We have already solved this partial differential equation and the general solution was:
\(\displaystyle u(r,\theta) = \sum_{n=0}^{\infty}A_nr^nP_n(\cos \theta)\)
The difference between this problem and the last one is that one of the boundary conditions is different. Let us apply it.
\(\displaystyle u'\left(r,\frac{\pi}{2}\right) = \sum_{n=0}^{\infty}A_nr^nP'_n\left(\cos \frac{\pi}{2}\right) = \sum_{n=0}^{\infty}A_nr^nP'_n(0) = 0\)
We know that \(\displaystyle A_n \neq 0\) and \(\displaystyle r^n \neq\), so it must be \(\displaystyle P'_n(0) = 0\).
We want to know when is the derivative of the Legendre function is zero. Let us find the first \(\displaystyle 5\) Legendre functions.
\(\displaystyle P_0(x) = 1\)
\(\displaystyle P_1(x) = x\)
\(\displaystyle P_2(x) = \frac{1}{2}(3x^2 - 1)\)
\(\displaystyle P_3(x) = \frac{1}{2}(5x^3 - 3x)\)
\(\displaystyle P_4(x) = \frac{1}{8}(35x^4-30x^2 + 3)\)
Let us take their derivatives at \(\displaystyle x = 0\).
\(\displaystyle P'_0(0) = 0\)
\(\displaystyle P'_1(0) = 1\)
\(\displaystyle P'_2(0) = 0\)
\(\displaystyle P'_3(0) = -\frac{3}{2}\)
\(\displaystyle P'_4(0) = 0\)
This pattern tells us that the derivative of the Legendre function is zero when \(\displaystyle n\) is even, that is when \(\displaystyle n = 0, 2, 4, \cdots\).
Or
\(\displaystyle 2n, \ \ \ n = 0, 1, 2, \cdots\)
Then, the general solution becomes:
\(\displaystyle u(r,\theta) = \sum_{n=0}^{\infty}A_{2n}r^{2n}P_{2n}(\cos \theta)\)
Now we can apply the second boundary condition which will help us find the constant \(\displaystyle A_{2n}\).
\(\displaystyle u(c,\theta) = f(\theta) = \sum_{n=0}^{\infty}A_{2n}c^{2n}P_{2n}(\cos \theta)\)
\(\displaystyle \int_{0}^{\pi} f(\theta)P_{2n}(\cos \theta) \sin \theta \ d\theta = \sum_{n=0}^{\infty}A_{2n}c^{2n}\int_{0}^{\pi}P_{2n}(\cos \theta)P_{2n}(\cos \theta) \sin \theta \ d\theta\)

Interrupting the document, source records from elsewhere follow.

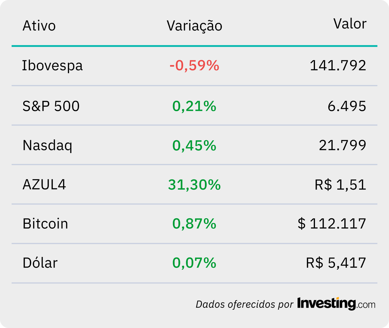 | Nesse contexto, o ouro também subiu e bateu um novo recorde, superando os US$ 3.600 por onça-troy. No acumulado do ano, o metal já sobe 38%. | No mercado acionário brasileiro, destaque para as ações da Azul (AZUL4), que subiram 31,30%. O salto foi atribuído a um short squeeze, quando investidores que apostam na queda são forçados a recomprar ações, impulsionando ainda mais os preços. | No mês de setembro, os papéis da companhia aérea acumulam alta de 122,06%. ✈️ |
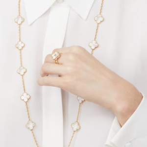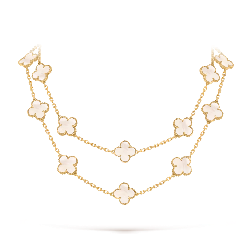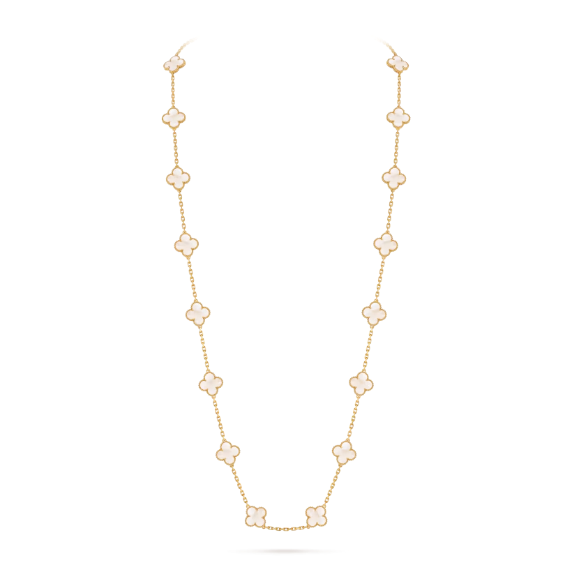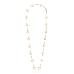 Élégant et iconique, le collier long Vintage Alhambra à 20 motifs incarne le savoir-faire intemporel et le style durable de la Maison.
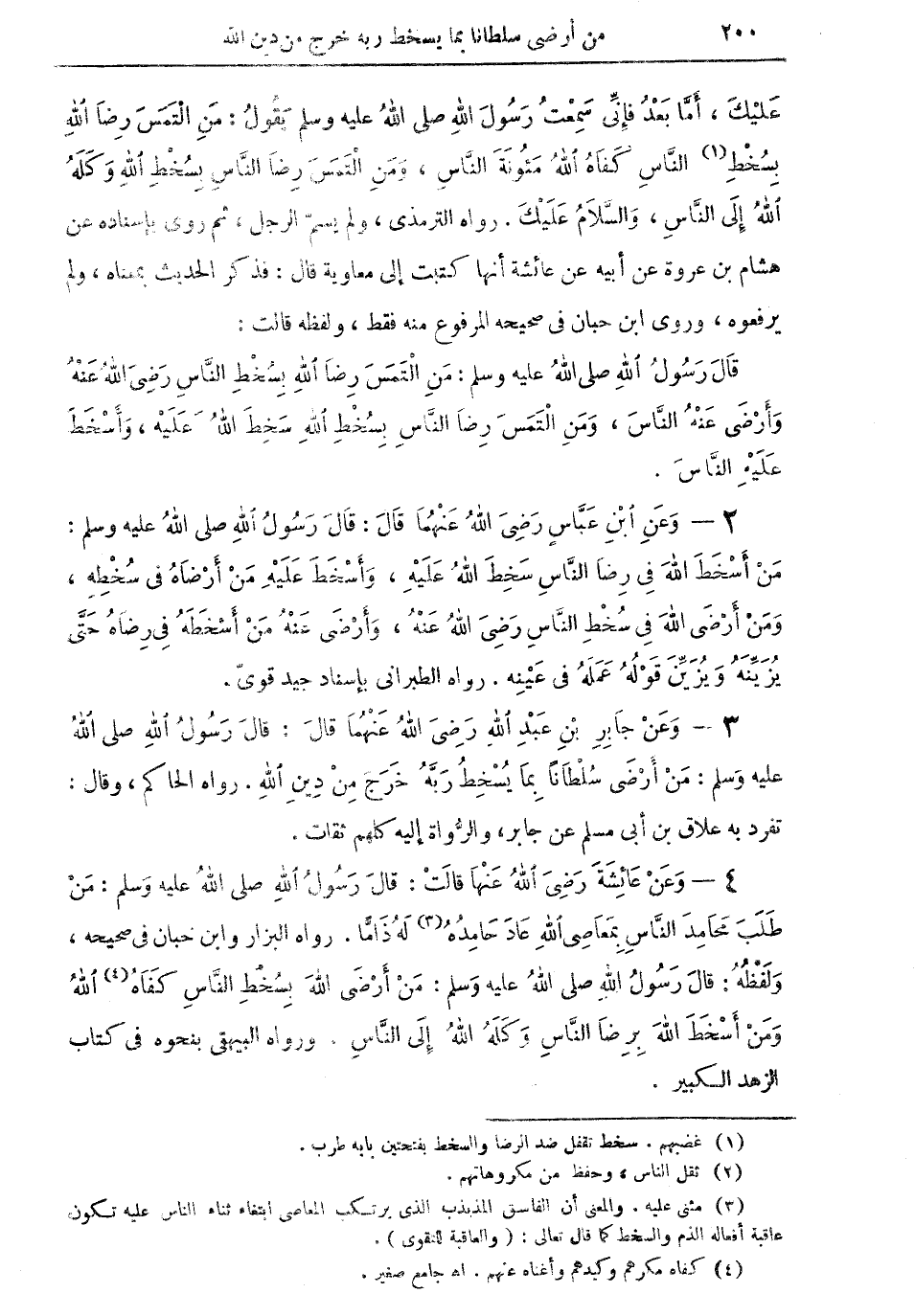 3 - وعن جابر بن عبد الله رضي الله عنهما قال: قال رسول الله صلى الله عليه وسلم: "من أرضى سُلطاناً بما يُسْخِطُ ربهُ خرج من دين الله" رواه الحاكم، وقال: تفرد به علاق بن أبي مسلم عن جابر، والرواة إليه كلهم ثقات.

\(\displaystyle \int_{0}^{\pi} f(\theta)P_{2n}(\cos \theta) \sin \theta \ d\theta = \sum_{n=0}^{\infty}A_{2n}c^{2n}\int_{0}^{\pi}P^2_{2n}(\cos \theta) \sin \theta \ d\theta\)
\(\displaystyle \int_{0}^{\pi} f(\theta)P_{2n}(\cos \theta) \sin \theta \ d\theta = \sum_{n=0}^{\infty}A_{2n}c^{2n}\frac{2}{2(2n) + 1}\)
This gives:
\(\displaystyle A_{2n} = \frac{4n + 1}{2c^{2n}}\int_{0}^{\pi} f(\theta)P_{2n}(\cos \theta) \sin \theta \ d\theta\)
Properties of Legendry function:
\(\displaystyle \bold{1.}\) When \(\displaystyle n\) is even, \(\displaystyle P_n(x)\) is even.
\(\displaystyle \bold{2.}\) When \(\displaystyle n\) is odd, \(\displaystyle P_n(x)\) is odd.
In calculus, we have learnt that \(\displaystyle \int_{-1}^{1} = 2\int_{0}^{1}\) when the function is even. This means that \(\displaystyle \int_{0}^{\pi} = 2\int_{0}^{\frac{\pi}{2}}\).
Then,
\(\displaystyle A_{2n} = \frac{4n + 1}{c^{2n}}\int_{0}^{\frac{\pi}{2}} f(\theta)P_{2n}(\cos \theta) \sin \theta \ d\theta\)
The final solution is:
\(\displaystyle u(r,\theta) = \sum_{n=0}^{\infty}A_{2n}r^{2n}P_{2n}(\cos \theta)\)
where \(\displaystyle A_{2n}\) as mentioned above.